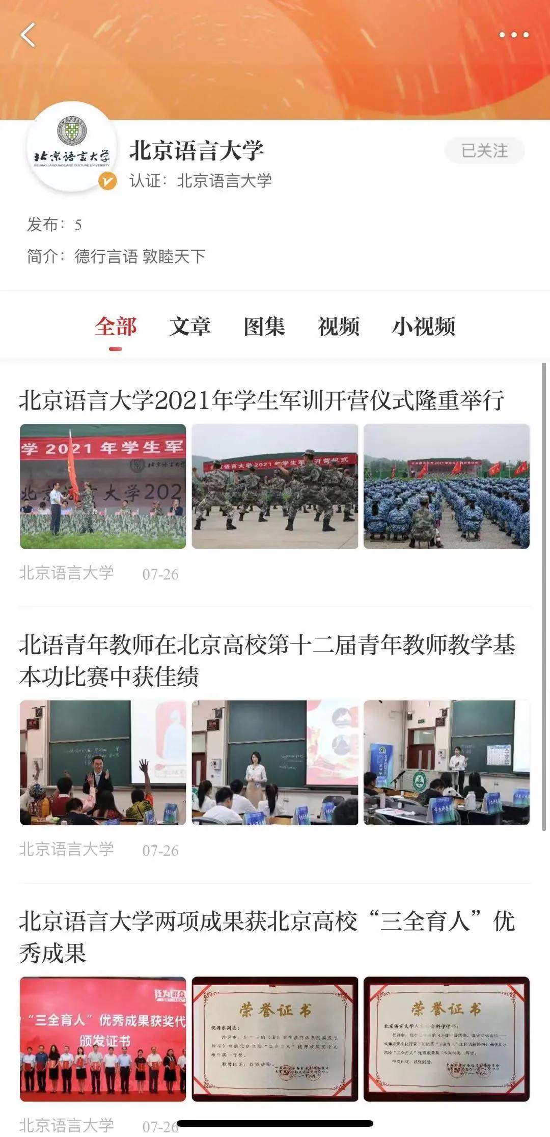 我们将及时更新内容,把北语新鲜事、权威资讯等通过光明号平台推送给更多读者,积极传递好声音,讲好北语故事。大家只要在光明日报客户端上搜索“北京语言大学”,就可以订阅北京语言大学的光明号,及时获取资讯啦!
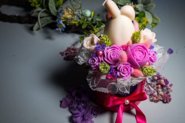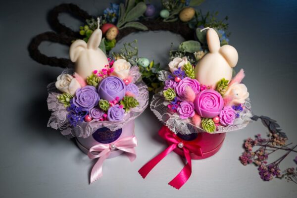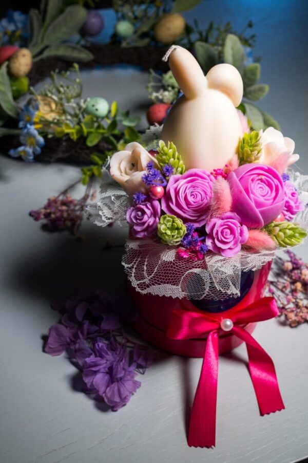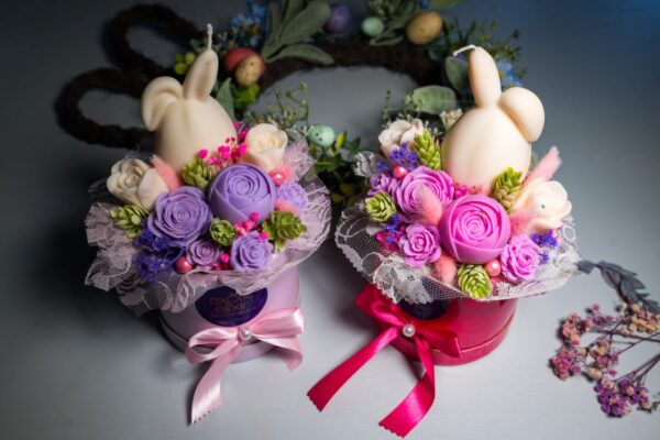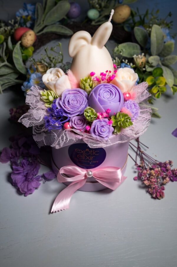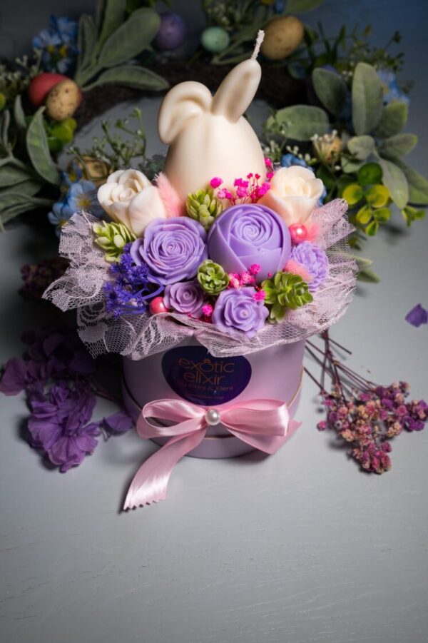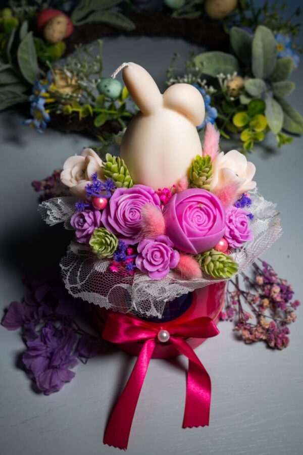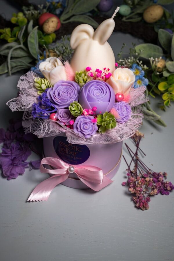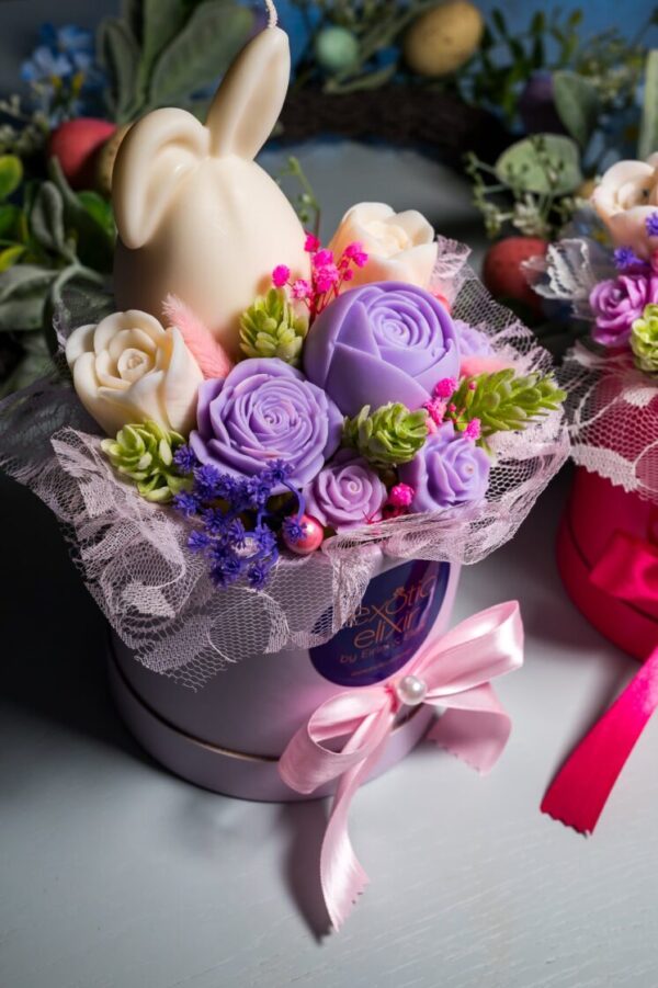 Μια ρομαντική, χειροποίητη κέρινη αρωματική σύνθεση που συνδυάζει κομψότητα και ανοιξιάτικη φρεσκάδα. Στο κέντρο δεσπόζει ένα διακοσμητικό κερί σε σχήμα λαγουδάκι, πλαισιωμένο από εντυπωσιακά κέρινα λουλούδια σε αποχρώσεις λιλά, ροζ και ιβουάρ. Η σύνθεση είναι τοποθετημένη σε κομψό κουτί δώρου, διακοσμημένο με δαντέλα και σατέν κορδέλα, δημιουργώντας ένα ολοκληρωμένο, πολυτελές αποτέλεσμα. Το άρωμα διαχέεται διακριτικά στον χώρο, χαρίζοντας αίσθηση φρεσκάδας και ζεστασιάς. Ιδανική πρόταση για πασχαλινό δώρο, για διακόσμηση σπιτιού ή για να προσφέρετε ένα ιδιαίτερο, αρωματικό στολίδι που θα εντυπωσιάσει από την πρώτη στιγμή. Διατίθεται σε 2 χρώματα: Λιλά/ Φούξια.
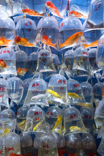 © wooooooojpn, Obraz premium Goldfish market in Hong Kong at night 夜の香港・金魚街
--
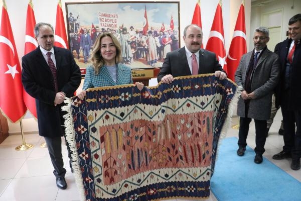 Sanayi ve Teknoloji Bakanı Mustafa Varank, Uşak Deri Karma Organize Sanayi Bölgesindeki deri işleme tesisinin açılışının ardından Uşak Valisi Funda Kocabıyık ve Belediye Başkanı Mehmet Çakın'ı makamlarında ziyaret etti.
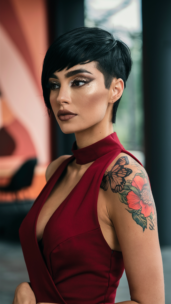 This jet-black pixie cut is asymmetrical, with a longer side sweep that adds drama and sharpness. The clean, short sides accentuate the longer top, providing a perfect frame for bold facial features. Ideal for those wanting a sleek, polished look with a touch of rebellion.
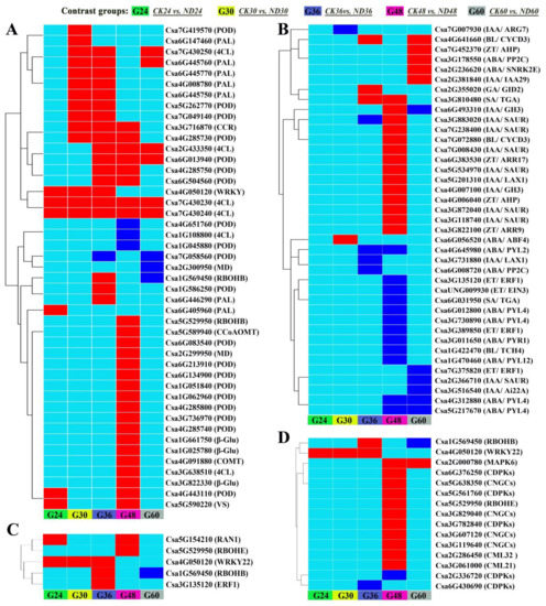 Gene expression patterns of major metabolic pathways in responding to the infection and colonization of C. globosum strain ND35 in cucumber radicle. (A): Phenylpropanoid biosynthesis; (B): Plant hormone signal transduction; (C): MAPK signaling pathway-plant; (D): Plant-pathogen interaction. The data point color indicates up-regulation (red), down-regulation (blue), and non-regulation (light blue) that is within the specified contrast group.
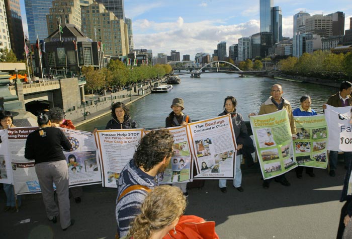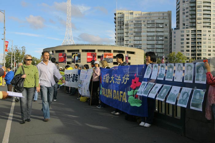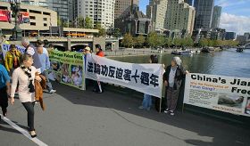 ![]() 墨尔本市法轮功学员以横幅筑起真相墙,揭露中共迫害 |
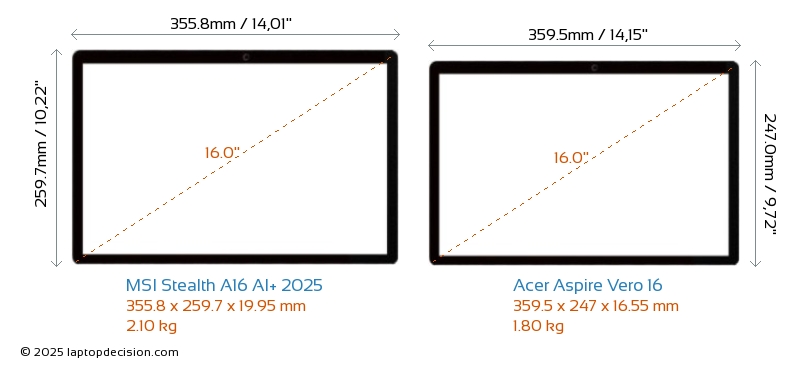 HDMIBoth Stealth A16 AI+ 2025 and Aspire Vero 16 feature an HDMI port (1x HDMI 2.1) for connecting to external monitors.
--
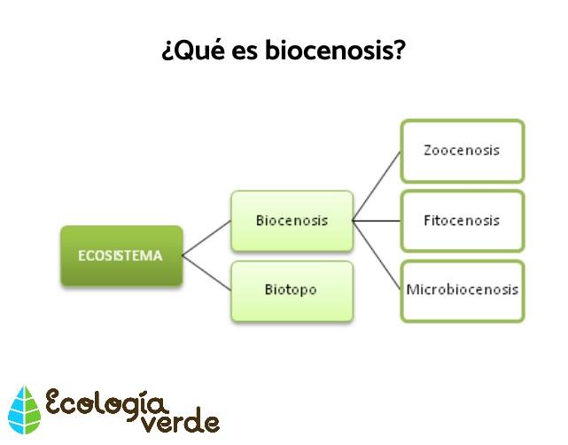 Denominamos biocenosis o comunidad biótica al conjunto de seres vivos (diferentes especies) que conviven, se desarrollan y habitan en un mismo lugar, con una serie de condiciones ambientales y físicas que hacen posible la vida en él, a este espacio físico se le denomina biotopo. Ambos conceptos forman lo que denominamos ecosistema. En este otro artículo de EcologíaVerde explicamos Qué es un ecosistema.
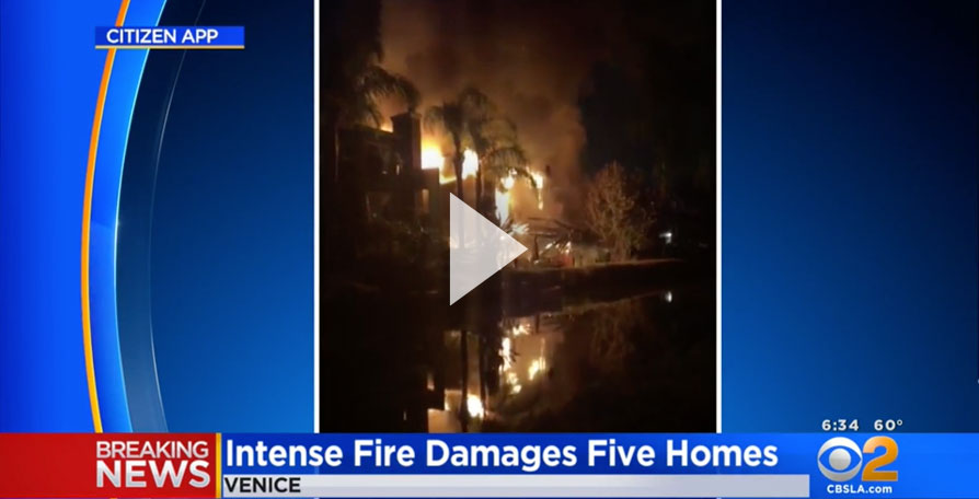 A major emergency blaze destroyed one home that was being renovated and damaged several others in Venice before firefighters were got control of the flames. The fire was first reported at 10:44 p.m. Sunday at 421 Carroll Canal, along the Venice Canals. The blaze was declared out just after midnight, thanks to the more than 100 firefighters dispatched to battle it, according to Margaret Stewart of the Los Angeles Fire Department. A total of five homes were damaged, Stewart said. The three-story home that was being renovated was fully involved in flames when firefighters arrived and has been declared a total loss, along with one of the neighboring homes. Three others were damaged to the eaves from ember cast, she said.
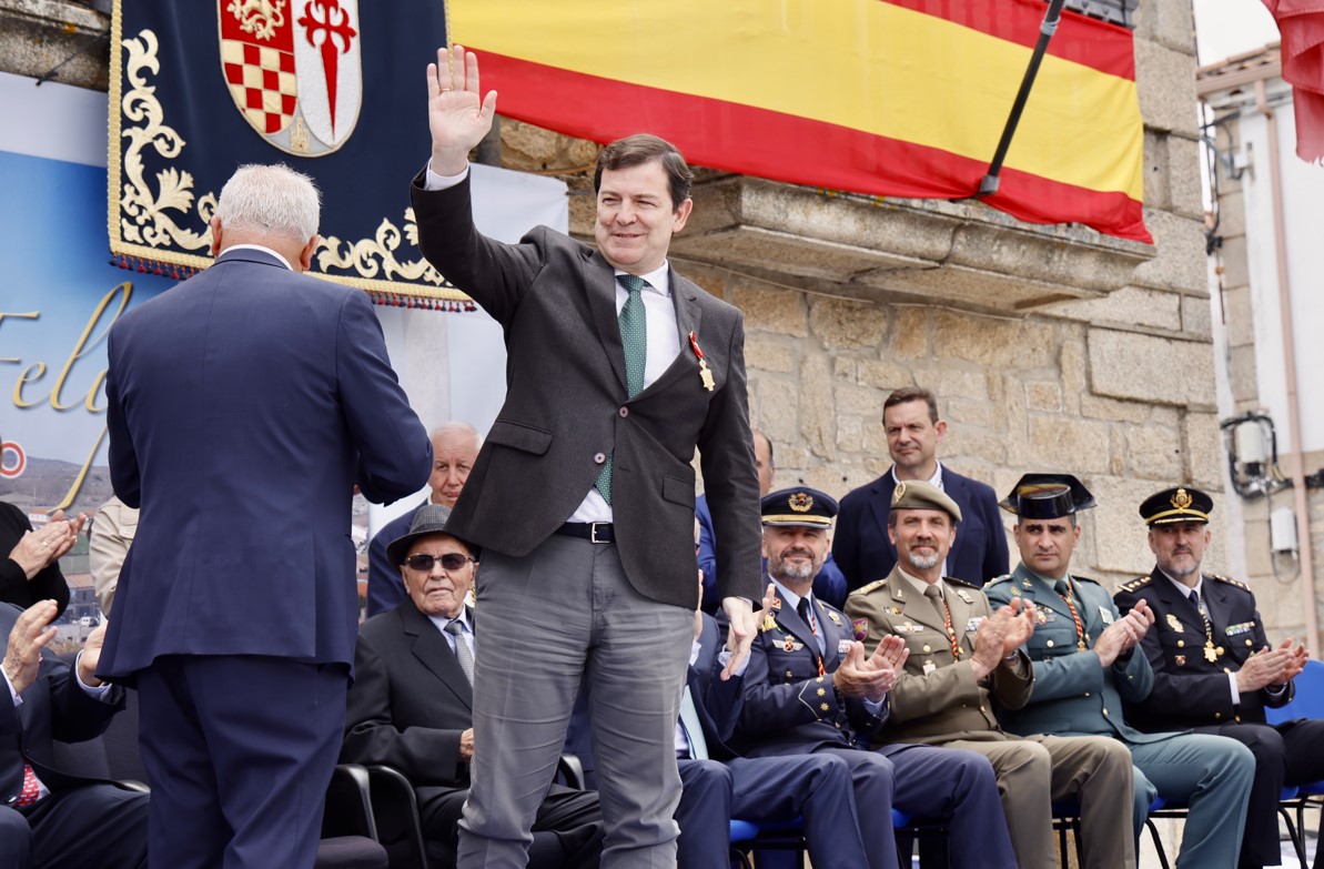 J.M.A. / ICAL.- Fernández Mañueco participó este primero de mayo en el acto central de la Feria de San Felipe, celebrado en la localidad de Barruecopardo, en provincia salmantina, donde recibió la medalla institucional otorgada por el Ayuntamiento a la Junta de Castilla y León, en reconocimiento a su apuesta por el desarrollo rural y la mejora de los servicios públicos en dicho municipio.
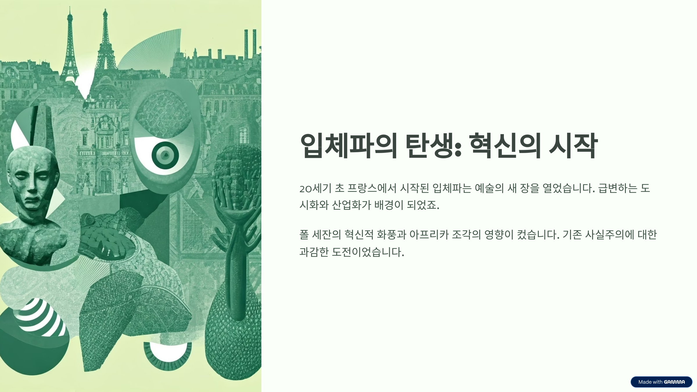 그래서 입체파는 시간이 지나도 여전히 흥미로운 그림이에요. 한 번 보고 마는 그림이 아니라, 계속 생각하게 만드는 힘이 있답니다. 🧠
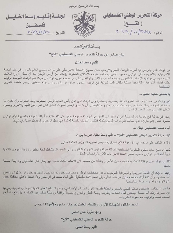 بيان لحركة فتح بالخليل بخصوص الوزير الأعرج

Required work: When copying from the data above, print only the lines from the line containing "我们将及时更新内容,把北语新" to the line containing "at night 夜の香港・金魚街", exactly, and leave the pictures out.

Solution:
 我们将及时更新内容,把北语新鲜事、权威资讯等通过光明号平台推送给更多读者,积极传递好声音,讲好北语故事。大家只要在光明日报客户端上搜索“北京语言大学”,就可以订阅北京语言大学的光明号,及时获取资讯啦!
 Μια ρομαντική, χειροποίητη κέρινη αρωματική σύνθεση που συνδυάζει κομψότητα και ανοιξιάτικη φρεσκάδα. Στο κέντρο δεσπόζει ένα διακοσμητικό κερί σε σχήμα λαγουδάκι, πλαισιωμένο από εντυπωσιακά κέρινα λουλούδια σε αποχρώσεις λιλά, ροζ και ιβουάρ. Η σύνθεση είναι τοποθετημένη σε κομψό κουτί δώρου, διακοσμημένο με δαντέλα και σατέν κορδέλα, δημιουργώντας ένα ολοκληρωμένο, πολυτελές αποτέλεσμα. Το άρωμα διαχέεται διακριτικά στον χώρο, χαρίζοντας αίσθηση φρεσκάδας και ζεστασιάς. Ιδανική πρόταση για πασχαλινό δώρο, για διακόσμηση σπιτιού ή για να προσφέρετε ένα ιδιαίτερο, αρωματικό στολίδι που θα εντυπωσιάσει από την πρώτη στιγμή. Διατίθεται σε 2 χρώματα: Λιλά/ Φούξια.
 © wooooooojpn, Obraz premium Goldfish market in Hong Kong at night 夜の香港・金魚街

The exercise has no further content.